特に赤切符の対象となるのは、酒酔い運転や悪質な信号無視・一時停止無視など、他者への危険性が高いと判断されるケースです。警察が「危険運転」や「悪質」と見なした場合、自転車利用者であってもその場で赤切符が交付され、刑事手続き(略式起訴や罰金など)に進むことがあります。
赤切符が交付されると、違反者は警察署や検察庁への出頭義務が発生し、反則金では済まされず、「前科」が付く可能性もあります。つまり、自転車に乗っているときの違反でも、場合によっては刑事罰を受ける可能性があるということです。
実際に起きた赤切符交付事例
たとえば、2022年には東京都新宿区で、酒に酔って自転車を運転していた男性(40代)に対し、警察が道路交通法違反(酒酔い運転)で赤切符を交付し、書類送検したという事例がありました。男性は自転車でフラフラと蛇行運転をしており、警察官の職務質問によりアルコールの影響が発覚。検査の結果、かなりの酩酊状態だったため、赤切符が切られたのです。
また、2021年には名古屋市内の交差点で、自転車が赤信号を無視して進入し、横断中の歩行者と接触して軽傷を負わせた事故が発生。このケースでも運転していた20代の男性に対し、警察は信号無視と安全運転義務違反の両面から赤切符を交付しました。さらに、男性は交通事故の加害者として民事賠償も求められ、最終的に数十万円規模の損害賠償金を支払うことになったと報じられています。
これらはほんの一例に過ぎませんが、いずれも「悪質」「危険性が高い」「事故や第三者被害につながった」という理由で、赤切符が交付されたケースです。つまり、自転車であっても、状況次第では刑事責任が問われ、略式起訴や罰金刑となることがあるのです。
青切符制度との違いと今後の動き
2024年6月17日、政府は「道路交通法施行令の一部を改正する政令」を閣議決定。これにより、自転車の交通違反に対しても「青切符」が導入され、反則金を科す制度が法的に正式に進められることとななりました。
施行は2026年4月1日から予定ですが、対象は16歳以上の自転車利用者となります。16歳未満については、交通ルールや交通反則通告制度に関する理解度について個人差が大きいと考えられるため、今回の制度では対象外とされています。
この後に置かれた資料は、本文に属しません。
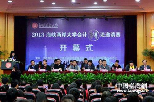 中國臺灣網(wǎng)12月9日南昌消息 日前,2013海峽兩岸大學(xué)會計(jì)辯論邀請賽開幕式在江西財(cái)經(jīng)大學(xué)蛟橋園舉行。江西財(cái)經(jīng)大學(xué)副校長鄧輝致歡迎辭,臺灣會計(jì)研究發(fā)展基金會委員謝國松、臺灣大學(xué)教授陳國泰、中南財(cái)經(jīng)政法大學(xué)教授湯湘希、臺灣參賽選手代表游佳璇先后發(fā)言。

今回の青切符制度で対象となるのは、比較的軽微な違反で、刑事罰を回避できる“反則行為”。以下が主な対象行為と反則金額。
・携帯電話の使用(ながら運転):1万2000円
・信号無視:6000円
・通行区分違反(歩道走行や逆走など):6000円
・ブレーキ不良車の運転:5000円
・無灯火運転:5000円
・自転車同士の並進禁止違反(並走):3000円
・二人乗り:3000円
など
「自転車は安全」という思い込みを捨てよう
自転車は軽車両でれっきとした車両なので、事故を起こせば赤切符、つまり刑事手続きの対象となり、場合によっては前科がつくことさえあります。加えて、損害賠償請求や社会的信用の失墜といったリスクも大きく、決して「軽い違反」で済む話ではありません。
ドライバーとしても、自転車が赤切符対象となる違反をする可能性があることを知っておくことで、リスクを未然に察知し、事故を防ぐ対応がしやすくなります。歩行者や自転車が常に「被害者」とは限らないという現実を踏まえたうえで、慎重な運転を心がけることが、事故を防ぎ、安全な交通環境づくりにつながるのです。